● **Available data**
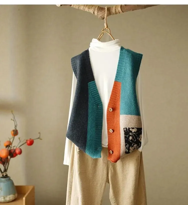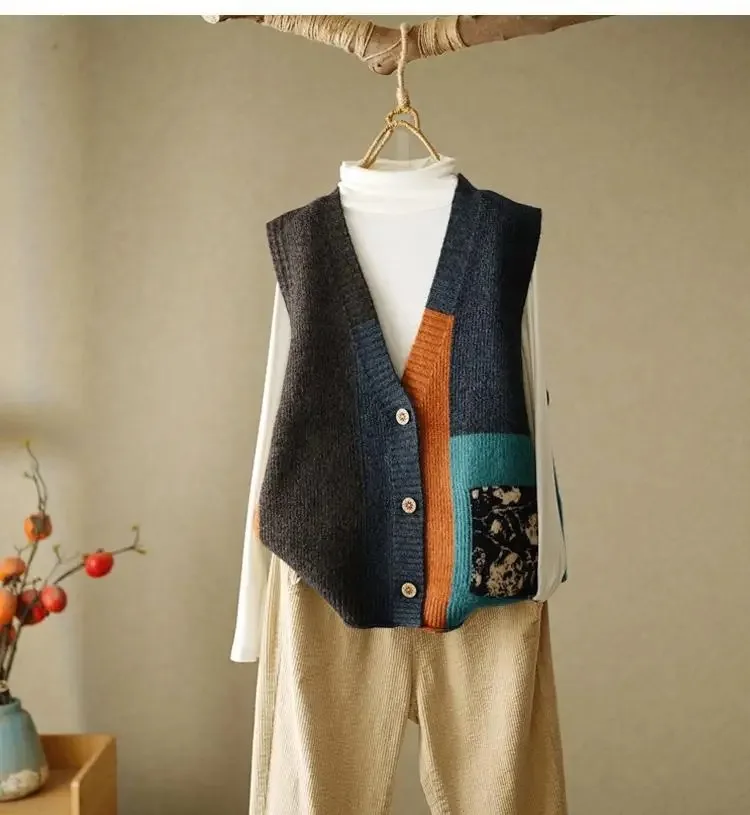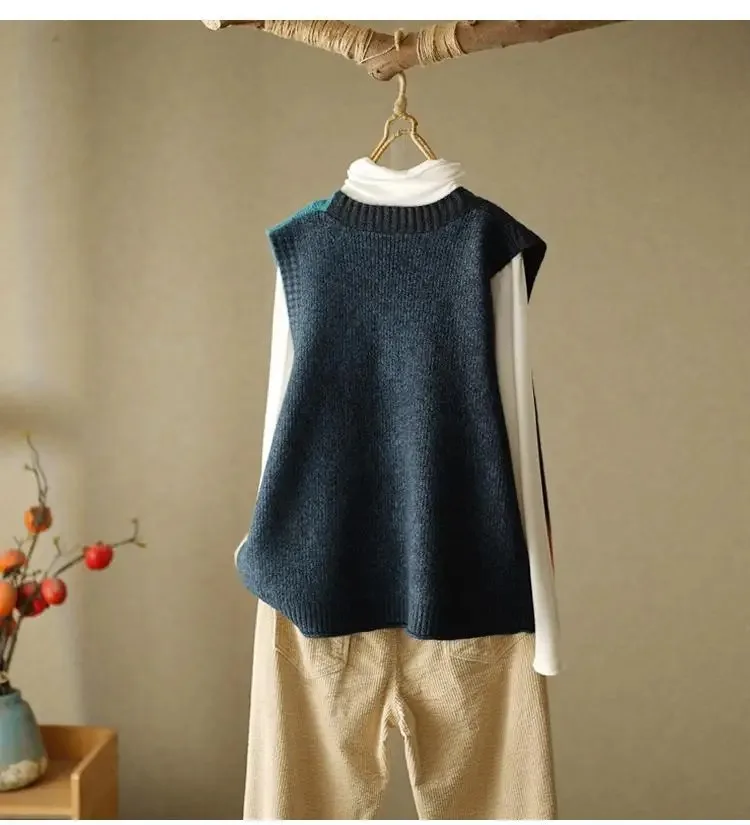 Retro Knitted Vest Cardigan Autumn/Winter Loose Design Sense Small Sweater Tank Top Women Outwear Sweater Vest Female
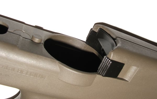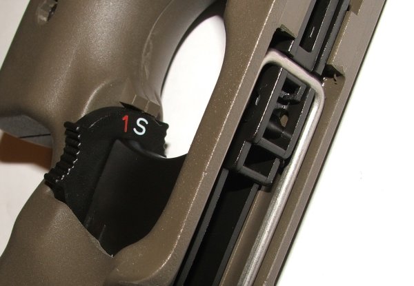 P90的快慢机位于扳机下方,有“A”、“I”、“S”三个位置,分别代表全自动、半自动和保险。由于快慢机的位置和形式,用扣扳机的手指都可以很方便地控制。
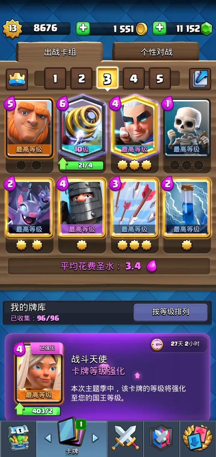 单卡来说,蓝胖具有变态的地面防守能力,在这个地面快速打击为主的环境中可以非常有效的防守精锐,女巫,女武神这类卡牌。所以在这个分段的蓝胖使用思路就是把它当成一个理想的纯防守工具人卡牌,利用防守赚费再配合打塔单位进行蹭血,从而取得游戏的胜利,以这个思路来进行配卡,我推荐了以下这套模板卡组(有效应对环境的卡组,如果不想主动配卡可以直接抄来用,上手难度不大,多打打绝对会有思路)
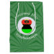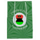 Medium gift bag features the angel wearing the flag of the African Diaspora for holiday gift decorating or Christmas decor. The African American Flag Christmas angel is found inside a white circular fractal of squiggly squares. The background is a green fractal of squiggly squares. Add your own text or personalise with a name and the year. Can be lovely for Kwanzaa, too.

● **What is needed**
Reproduce the listing exactly, but keep its images out of the copy.

● **Result of this task**
 Retro Knitted Vest Cardigan Autumn/Winter Loose Design Sense Small Sweater Tank Top Women Outwear Sweater Vest Female
 P90的快慢机位于扳机下方,有“A”、“I”、“S”三个位置,分别代表全自动、半自动和保险。由于快慢机的位置和形式,用扣扳机的手指都可以很方便地控制。
 单卡来说,蓝胖具有变态的地面防守能力,在这个地面快速打击为主的环境中可以非常有效的防守精锐,女巫,女武神这类卡牌。所以在这个分段的蓝胖使用思路就是把它当成一个理想的纯防守工具人卡牌,利用防守赚费再配合打塔单位进行蹭血,从而取得游戏的胜利,以这个思路来进行配卡,我推荐了以下这套模板卡组(有效应对环境的卡组,如果不想主动配卡可以直接抄来用,上手难度不大,多打打绝对会有思路)
 Medium gift bag features the angel wearing the flag of the African Diaspora for holiday gift decorating or Christmas decor. The African American Flag Christmas angel is found inside a white circular fractal of squiggly squares. The background is a green fractal of squiggly squares. Add your own text or personalise with a name and the year. Can be lovely for Kwanzaa, too.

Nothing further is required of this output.